E mais uma noite lá estávamos nós.
Ela tomava seu chá e eu degustava o habitual, não nos saciávamos na verdade, comer era só mais uma ação daquela rotina sem graça.
Falávamos. Mas a lacuna do não dito era quase palpável.
Nossas lágrimas invisíveis escorriam ao mesmo tempo, talvez por isso nossos olhos depressivos se entendessem.
Por vezes se consolavam, mas nem sempre queriam ser afagados.
Entre nós havia um estranho sentimento masoquista de quem gosta de sofrer.
Ela fumava e eu tentava resolver toda nossa (falta de) vida. O que queríamos afinal?
Felicidade é muito amplo e pensando calmamente eu a tinha, ela também.
Como personagens de uma história de autor sem bom gosto, invejávamos a inquietação apaixonada dos romances, a espontaneidade do teatro, a elegância dos clássicos e a explosão de sentimentos da música.
Aqueles poucos minutos pareciam eternos.
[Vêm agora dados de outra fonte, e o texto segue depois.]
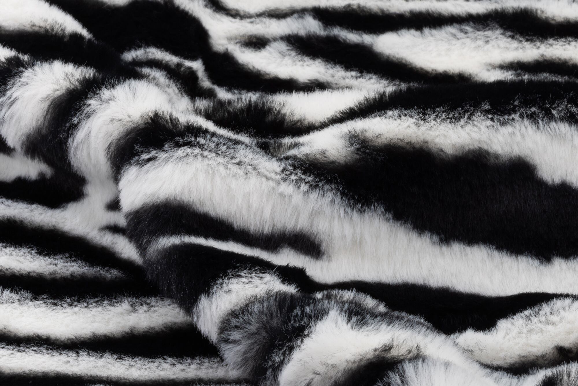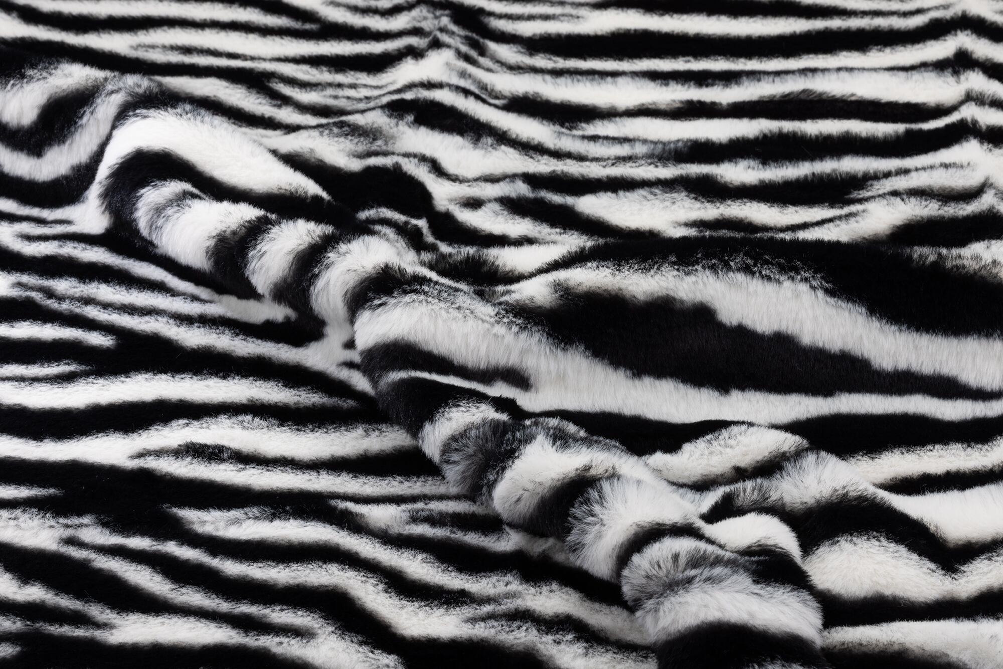 うさぎの毛皮のように柔らかくふわふわのファー生地、白黒のはっきりとしたゼブラ柄です。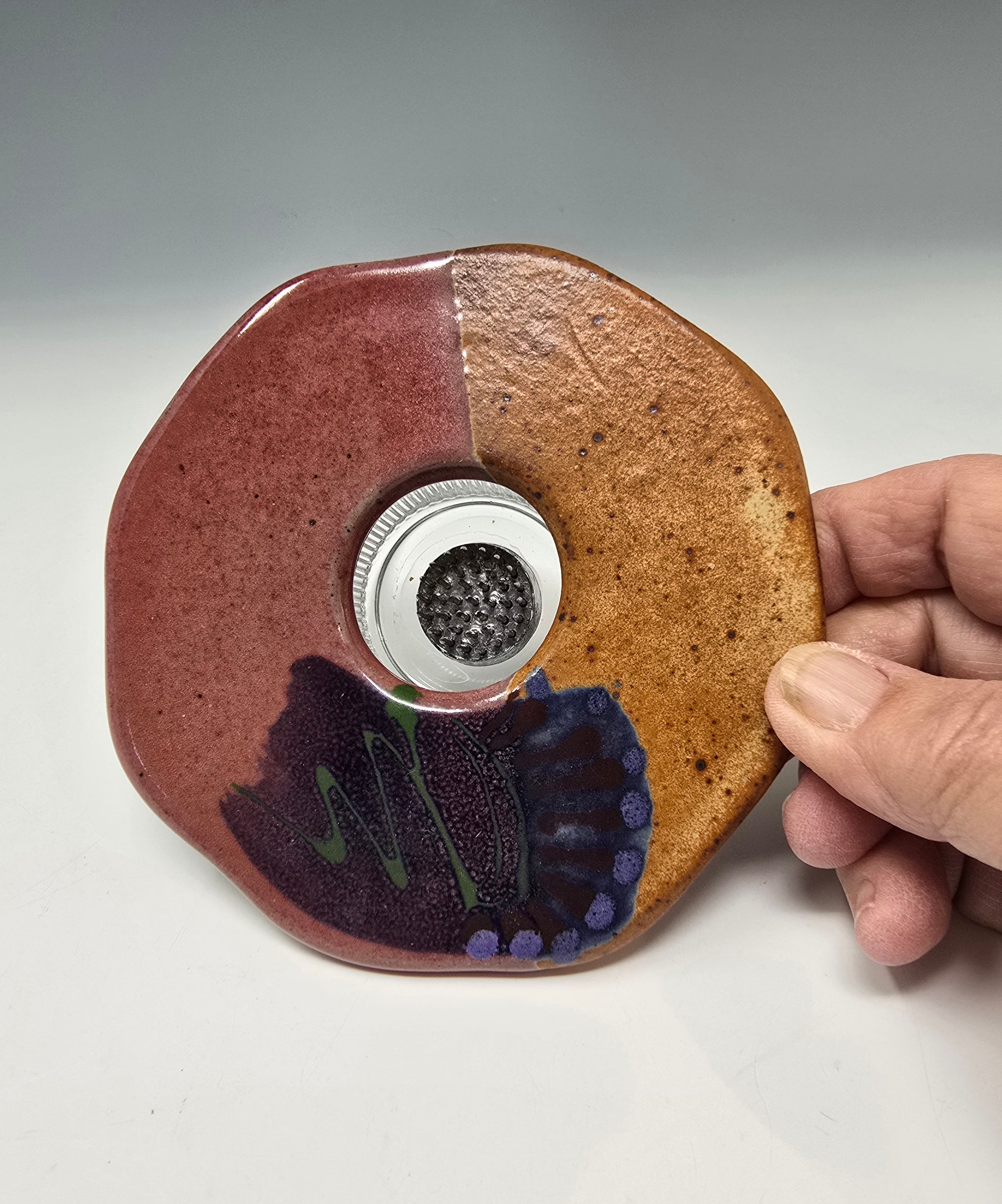 This is a cute octagon shaped vase is warm pumpkin and red glazed with fun blue patterns. It measures 4" long, 4" wide and stands 1.5" tall.

Não via estrelas e a fumaça nos envolvia como presságio de morte.
Logo voltaríamos a falar da genialidade de outros que vieram antes de nós.
De que realmente serviriam as milhares de páginas lidas e discutidas?
Aquela noite ela me disse o que ouvi repetidas vezes em minha mente.
Disse tão claramente que por fim entendi.
O resto da noite se arrastou melancolicamente...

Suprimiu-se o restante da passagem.